John Kalawa, the softspoken grandson of a Limba king, tells me, “I will come to collect you at 5:00.” “Fine,” I say. I don’t know where we’re going; I know only that it will be an adventure. In Makeni, Sierra Leone, everything is an adventure.

As I get on the back of his motorbike, Kalawa tells me of a group of blind beggars he has formed into an association. We are going to meet them in their camp.

The blind are considered a scourge here. Few have jobs, and many beg from people who are poor themselves. The blind live in squalor and rely on their children to lead them around by the shoulder. The children of the blind are also treated as pariahs by the rest of society; they are thought to be filthy, ill-mannered, and uneducable.
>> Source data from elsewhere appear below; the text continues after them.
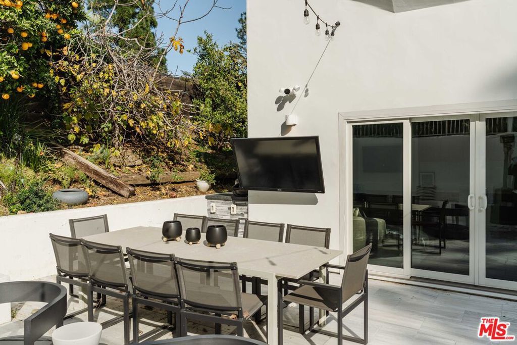 Set in the famed Marquez Knolls, this contemporary residence offers serene privacy in a truly bucolic setting. Guests are welcomed by a stately foyer with gallery walls, leading into an expansive open floorplan designed for seamless entertaining. The great room, anchored by a sophisticated fireplace and formal dining area, is bathed in natural light from large southern-facing windows. The chef's kitchen is a masterclass in design, featuring a Wolf 6-burner double oven, Sub-Zero fridge/freezer, and custom cabinetry centered around a striking waterfall countertop with informal dining. An inviting family room adjoins the kitchen, creating a perfect hub for daily life. Upstairs, the primary suite serves as a private sanctuary, detailed with custom built-ins, skylights, and a large custom closet. The spa-like ensuite bath features dual vanities and an oversized shower with a bench. Three additional bedrooms off the landing offer breathtaking canyon and ocean vistas, sharing a bright, designer bathroom with tub and shower. The resort-caliber backyard is an entertainer's dream, featuring a saltwater pool with a baja shelf, a spa, and a built-in firepit lounge. A dedicated BBQ station services the alfresco dining terrace, while a lush, fenced lawn wraps around the home. The home is completed by a 2-car garage that also functions as a gym along with a laundry area. Located in a tight-knit community known for its resilience and charm, this home offers the quintessential Palisades lifestyle.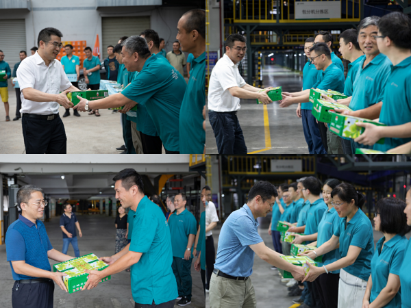 入伏以來,連日高溫多雨,7月22日,時值大暑。合肥郵區(qū)中心局黨委書記、總經(jīng)理錢志雄帶領(lǐng)局班子成員及相關(guān)部門負(fù)責(zé)人一行深入生產(chǎn)單位親切慰問堅守在暑期防汛一線的職工,為大家送上酸梅湯、蘇打水等防暑降溫飲品。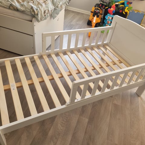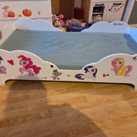 JLY Juniorseng for barn med grå farge. Passer for barn som vokser ut av sprinkelseng, og gir en trygg overgang til større seng. Det følger med en oppbevaringsskuff til å ha under sengen. Madrass følger ikke med.

John Kalawa is shepherd to the blind. During Sierra Leone’s civil war (1991–2001), he worked at a parish house. One day the priest there told the rest of the staff that he was taking them with him on a pastoral visit, and left Kalawa in charge of the house. They never returned. One day a knock came at the door. Many of the blind in the neighborhood had come looking for a meal. So Kalawa fed them. They returned the following afternoon for their meal, but the food was gone. “Come back tomorrow,” Kalawa told them.
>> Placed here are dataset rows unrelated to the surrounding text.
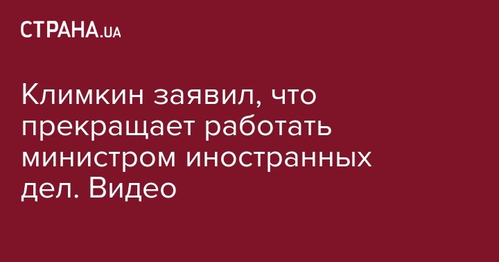 Министр иностранных дел Украины Павел Климкин заявил, что прекращает работать в должности и уходит в "политический отпуск". Об этом Климкин заявил в видеообращении на своей страницев Facebook.
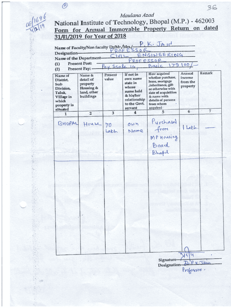 O(,49a Maulana AzadNational Institute of Technology, Bhopal (M.P.) 462003 Form for Annual Immovable Property Return on dated 31 \':1D019 for Year of\' 2018 Name of FacultYfirlon faculty Narc of the(1)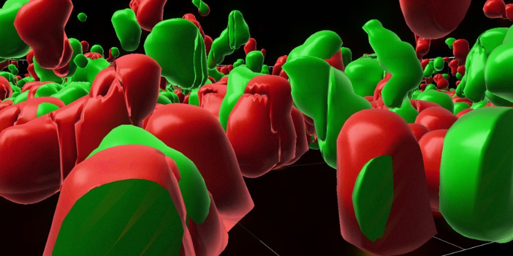 Z različnimi metodami merimo tudi MBEC vrednost, vključno s konfokalnimi, da lahko zelo natančno vidimo, pri kateri koncentraciji naših QQ komponent celice v biofilmu postanejo neaktivne in pri kateri koncentraciji se biofilm začne zmanjševati. Da bi to ugotovili, izvedemo aktivno/neaktivno obarvanje biofilma. Barvanje se uporablja za razlikovanje med aktivnimi in neaktivnimi celicami, na obe vrsti je pritrjeno fluorescentno barvilo, rdeče za neaktivne in zeleno za aktivne celice. Konfokal lahko skenira biofilm plast za plastjo in oblikuje 3D sliko (slika 2). To lahko uporabimo za preslikavo učinka na celoten biofilm.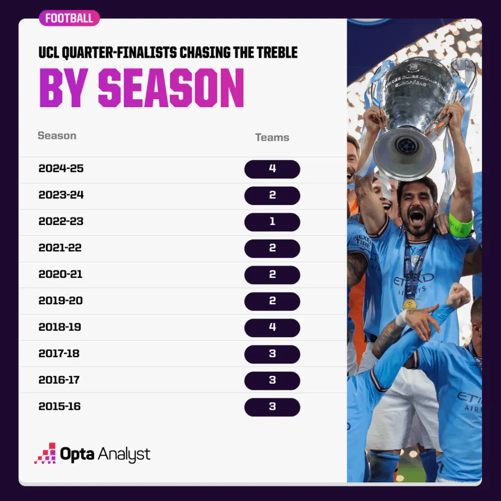 Điều này có nghĩa là đây là lần đầu tiên sau bảy mùa giải, bốn đội bóng vào tứ kết Champions League vẫn còn cơ hội giành cú ăn ba. Lần cuối cùng là mùa 2018-19, khi Manchester City, Barcelona, Porto và Ajax lọt vào tám đội mạnh nhất châu Âu trong khi vẫn đang cạnh tranh danh hiệu quốc nội và tiến gần đến vinh quang cúp quốc gia.

The next day came and went without any supplies and all he could say was, “Come back tomorrow.” Later, members of the rebel army knocked at the door and demanded a meal. “The blind people ate all the food some time ago and they will be coming back later for their lunch,” Kalawa told them. “What can I do?”

“Don’t worry,” the rebels said. They broke into a market for food, brought it back to the parish house, and helped Kalawa feed the blind when they came back. Ever since then, Kalawa has felt a special responsibility for those without sight. He formed a group called the Blind Beggars Association, which collects small dues each month from about sixty families in order to provide a little security for their children in case a parent gets sick or dies. The families squat on land that used to belong to a city-council member. Since his death his heirs have wanted to clear the people off and sell the land. Kalawa is searching for a new spot—one with enough space for a small workshop—but has no money for land. “All they want is a place for themselves to live in peace and so they can work together,” he says. “If these people are able to get recognized as having their own place, the community will see they have dignity.”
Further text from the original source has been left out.